##### Records provided

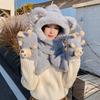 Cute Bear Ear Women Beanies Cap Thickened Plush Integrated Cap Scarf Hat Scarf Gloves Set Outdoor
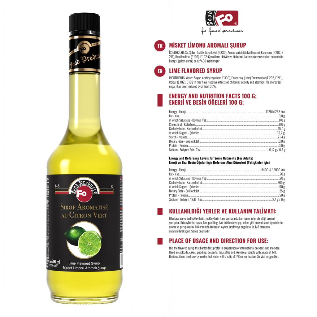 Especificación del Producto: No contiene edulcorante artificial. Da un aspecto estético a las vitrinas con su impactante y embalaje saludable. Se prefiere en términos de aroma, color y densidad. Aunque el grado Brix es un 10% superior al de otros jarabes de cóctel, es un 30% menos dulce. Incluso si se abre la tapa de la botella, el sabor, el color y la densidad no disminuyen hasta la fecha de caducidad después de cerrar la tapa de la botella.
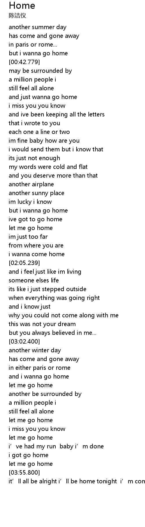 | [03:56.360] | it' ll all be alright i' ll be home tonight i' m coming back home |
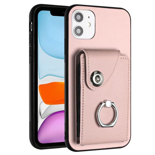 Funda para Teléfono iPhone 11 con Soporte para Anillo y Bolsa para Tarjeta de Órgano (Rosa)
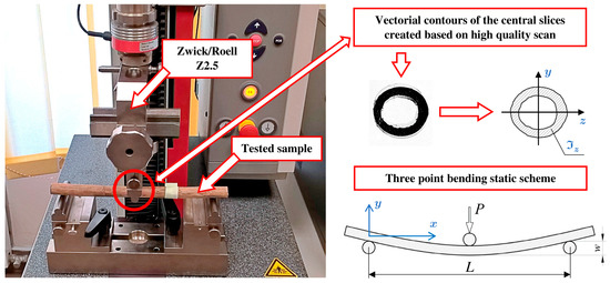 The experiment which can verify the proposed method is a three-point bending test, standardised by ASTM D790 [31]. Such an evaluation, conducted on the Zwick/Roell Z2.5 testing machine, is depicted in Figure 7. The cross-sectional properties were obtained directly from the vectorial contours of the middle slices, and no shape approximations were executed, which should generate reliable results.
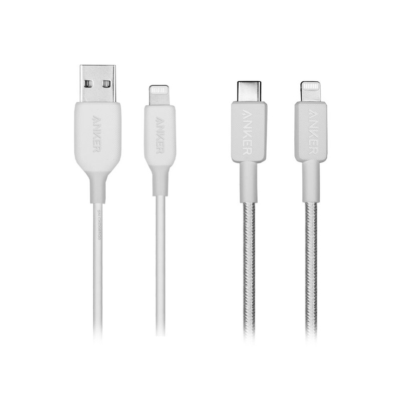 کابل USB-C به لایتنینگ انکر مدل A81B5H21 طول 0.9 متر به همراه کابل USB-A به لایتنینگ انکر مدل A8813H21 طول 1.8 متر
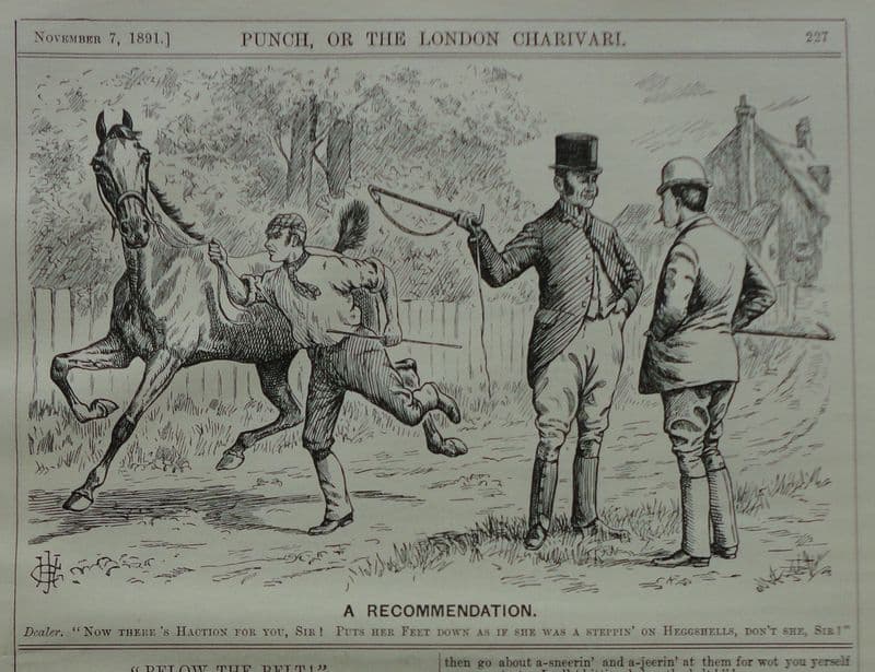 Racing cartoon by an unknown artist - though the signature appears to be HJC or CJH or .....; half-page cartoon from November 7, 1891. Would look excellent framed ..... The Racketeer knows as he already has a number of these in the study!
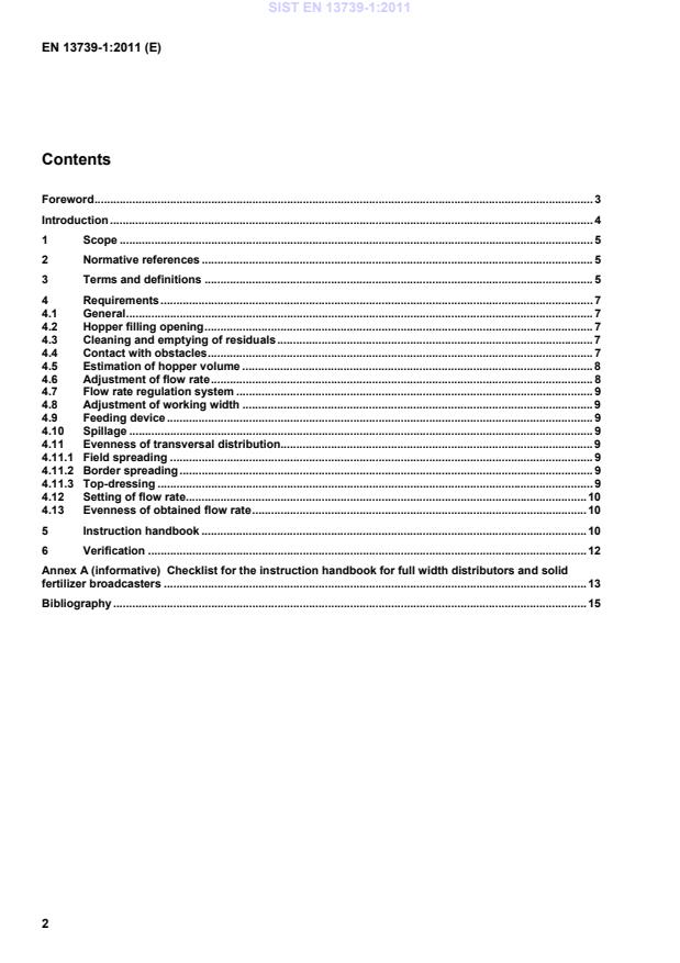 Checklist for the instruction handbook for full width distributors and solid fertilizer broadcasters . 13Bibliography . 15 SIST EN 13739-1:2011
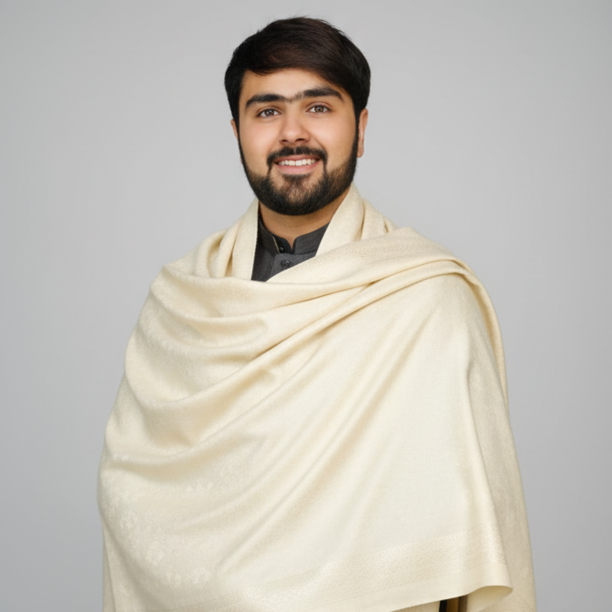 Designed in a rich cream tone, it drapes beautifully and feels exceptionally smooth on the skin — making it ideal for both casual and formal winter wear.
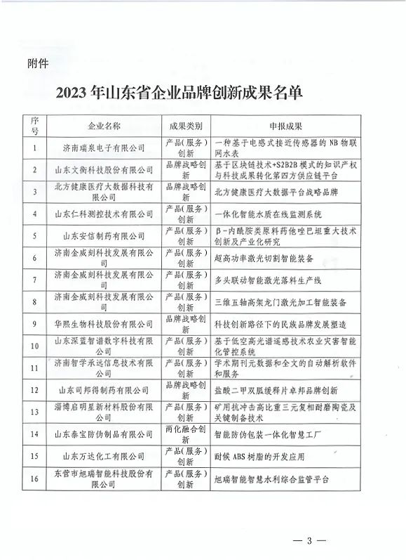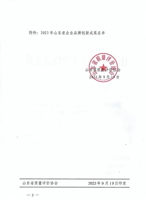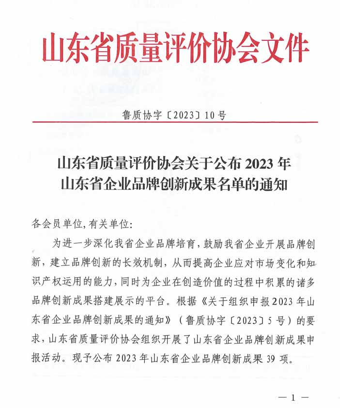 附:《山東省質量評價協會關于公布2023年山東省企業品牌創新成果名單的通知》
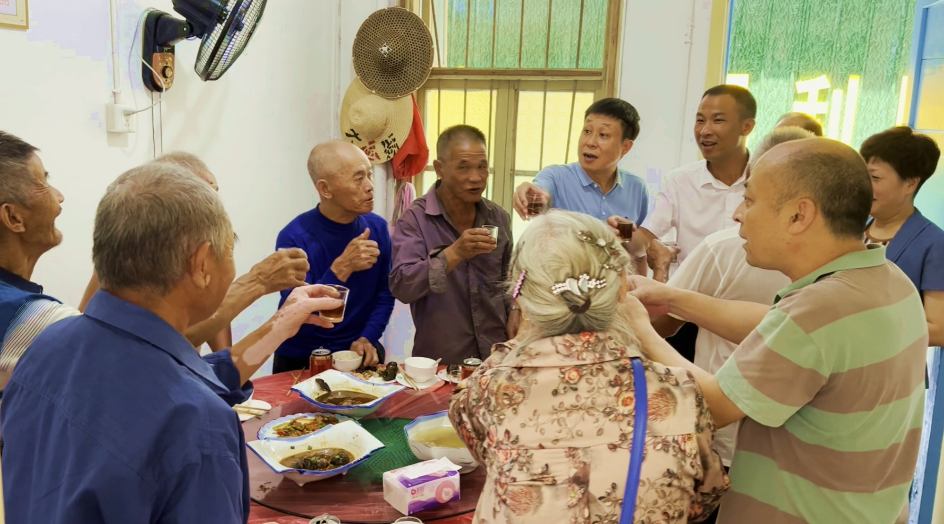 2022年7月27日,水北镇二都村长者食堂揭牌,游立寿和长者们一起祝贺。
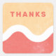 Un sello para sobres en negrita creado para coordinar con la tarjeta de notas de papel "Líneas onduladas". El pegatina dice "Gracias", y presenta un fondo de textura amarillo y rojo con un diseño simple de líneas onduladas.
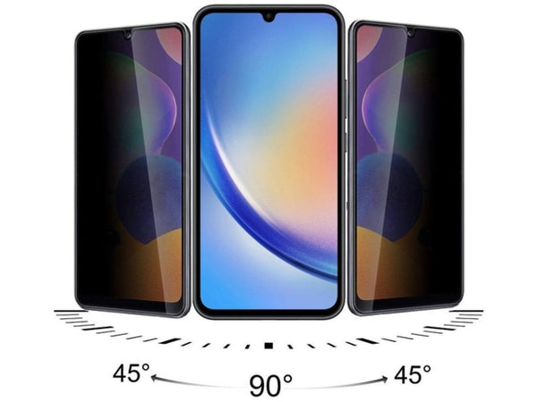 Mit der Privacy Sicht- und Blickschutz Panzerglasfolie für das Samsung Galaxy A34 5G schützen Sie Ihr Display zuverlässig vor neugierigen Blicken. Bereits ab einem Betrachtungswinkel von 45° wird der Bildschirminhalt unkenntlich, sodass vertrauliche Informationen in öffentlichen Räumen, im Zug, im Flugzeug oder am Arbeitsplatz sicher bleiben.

##########

◆ To do: Make an exact copy of the lines above, beginning with the line with "2022年7月27日,水北镇二都村长者食堂揭牌,游立寿和长者们一起祝贺。" and ending with the line with "Un sello para", and keep the pictures out of it.

◆ Your solution:
 2022年7月27日,水北镇二都村长者食堂揭牌,游立寿和长者们一起祝贺。
 Un sello para sobres en negrita creado para coordinar con la tarjeta de notas de papel "Líneas onduladas". El pegatina dice "Gracias", y presenta un fondo de textura amarillo y rojo con un diseño simple de líneas onduladas.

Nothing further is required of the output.